** Exercise input **

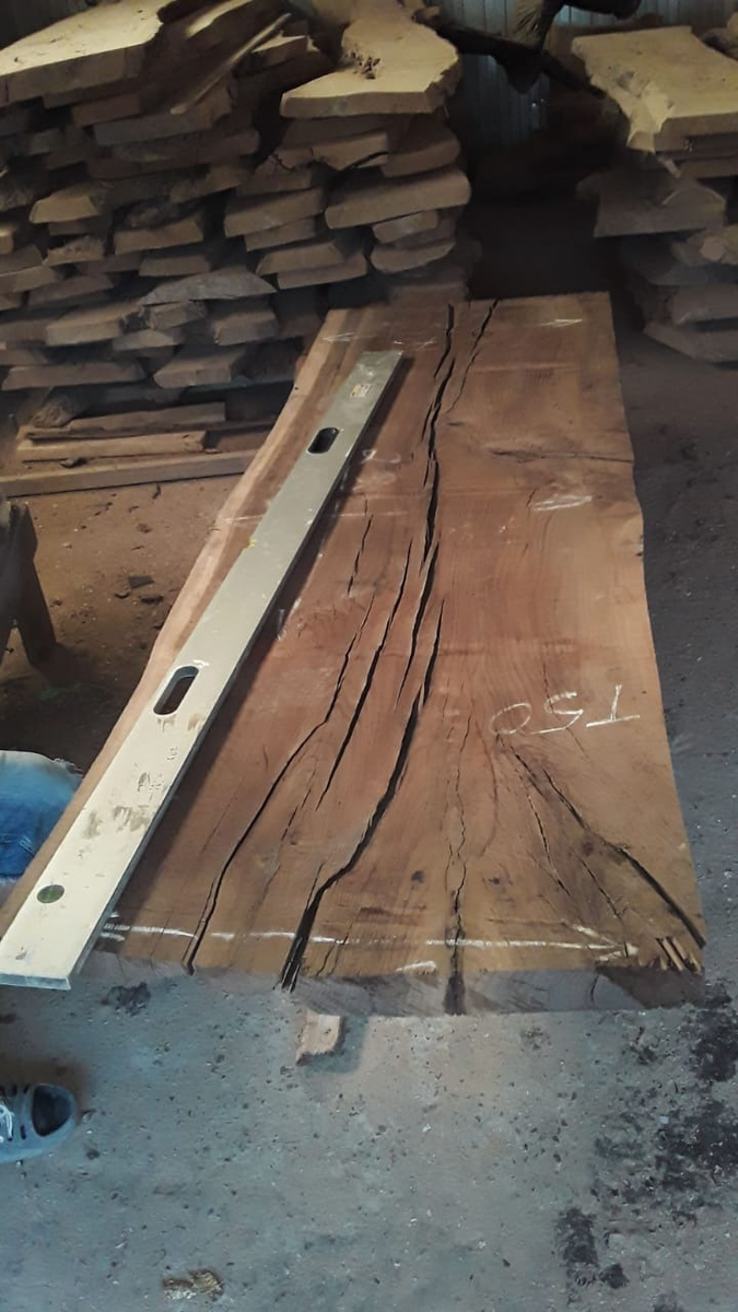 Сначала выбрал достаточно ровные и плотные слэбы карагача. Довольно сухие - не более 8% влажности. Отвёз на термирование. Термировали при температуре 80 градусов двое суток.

--

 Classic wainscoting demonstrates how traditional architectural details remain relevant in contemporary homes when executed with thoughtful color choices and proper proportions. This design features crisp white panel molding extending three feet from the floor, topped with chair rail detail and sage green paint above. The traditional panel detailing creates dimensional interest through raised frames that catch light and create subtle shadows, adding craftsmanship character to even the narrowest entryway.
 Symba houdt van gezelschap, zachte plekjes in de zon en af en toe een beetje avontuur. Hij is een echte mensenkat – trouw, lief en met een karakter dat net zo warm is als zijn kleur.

* * *

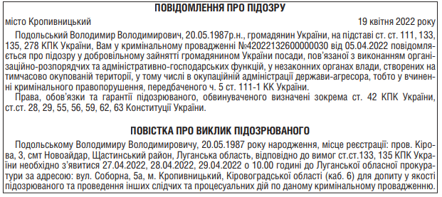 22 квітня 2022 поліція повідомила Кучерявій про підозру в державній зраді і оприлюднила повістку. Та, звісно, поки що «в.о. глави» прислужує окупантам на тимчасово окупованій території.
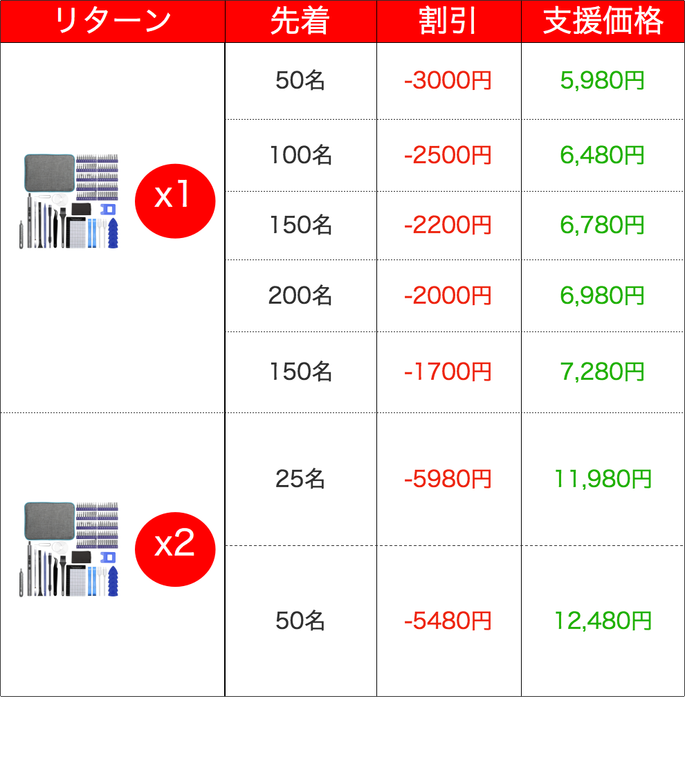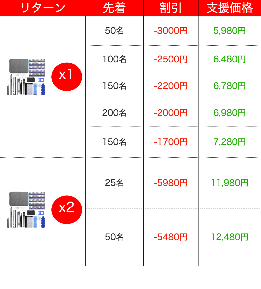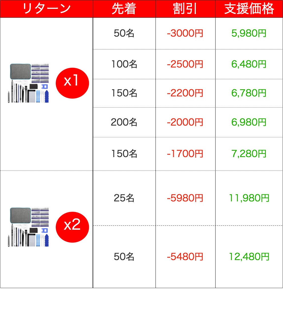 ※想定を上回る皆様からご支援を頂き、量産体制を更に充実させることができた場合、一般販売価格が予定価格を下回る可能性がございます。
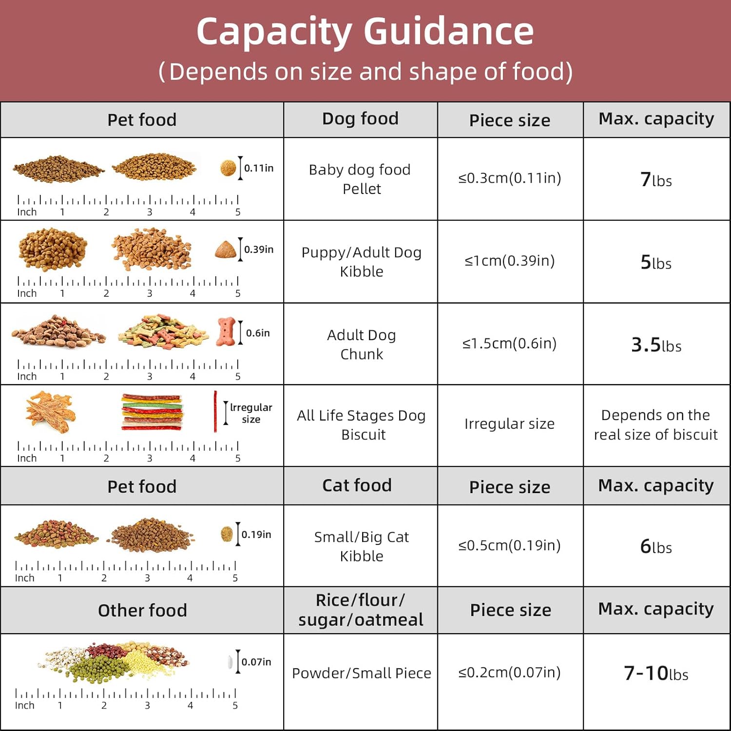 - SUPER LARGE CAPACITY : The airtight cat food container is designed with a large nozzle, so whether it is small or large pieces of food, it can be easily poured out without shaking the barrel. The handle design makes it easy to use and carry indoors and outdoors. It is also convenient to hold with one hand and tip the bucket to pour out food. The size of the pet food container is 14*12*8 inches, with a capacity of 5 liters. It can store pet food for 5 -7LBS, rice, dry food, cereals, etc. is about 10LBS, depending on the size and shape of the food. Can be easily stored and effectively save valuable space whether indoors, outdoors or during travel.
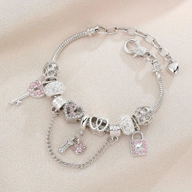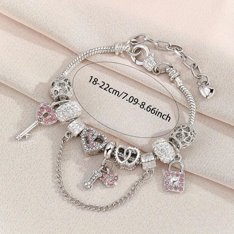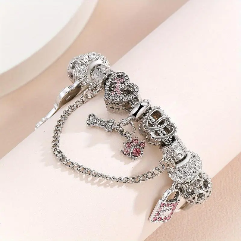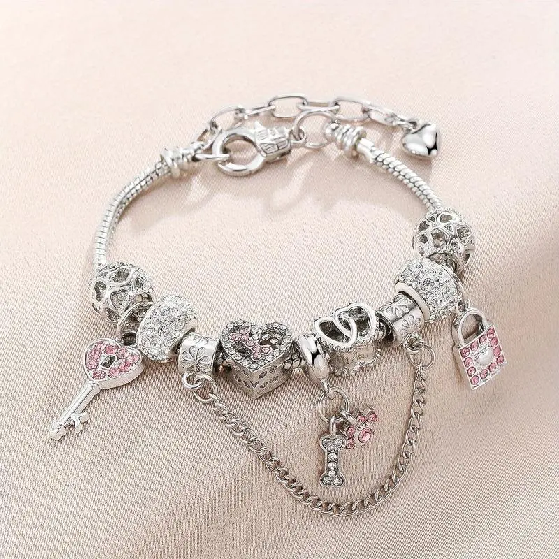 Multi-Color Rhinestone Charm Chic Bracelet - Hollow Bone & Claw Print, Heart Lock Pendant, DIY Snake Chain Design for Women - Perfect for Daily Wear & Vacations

** Your instructions **
With the pictures omitted, copy the entries above exactly from the line containing "- SUPER LARGE" through the line containing "Multi-Color Rhinestone Charm", both lines included.

** Solution for this task **
 - SUPER LARGE CAPACITY : The airtight cat food container is designed with a large nozzle, so whether it is small or large pieces of food, it can be easily poured out without shaking the barrel. The handle design makes it easy to use and carry indoors and outdoors. It is also convenient to hold with one hand and tip the bucket to pour out food. The size of the pet food container is 14*12*8 inches, with a capacity of 5 liters. It can store pet food for 5 -7LBS, rice, dry food, cereals, etc. is about 10LBS, depending on the size and shape of the food. Can be easily stored and effectively save valuable space whether indoors, outdoors or during travel.
 Multi-Color Rhinestone Charm Chic Bracelet - Hollow Bone & Claw Print, Heart Lock Pendant, DIY Snake Chain Design for Women - Perfect for Daily Wear & Vacations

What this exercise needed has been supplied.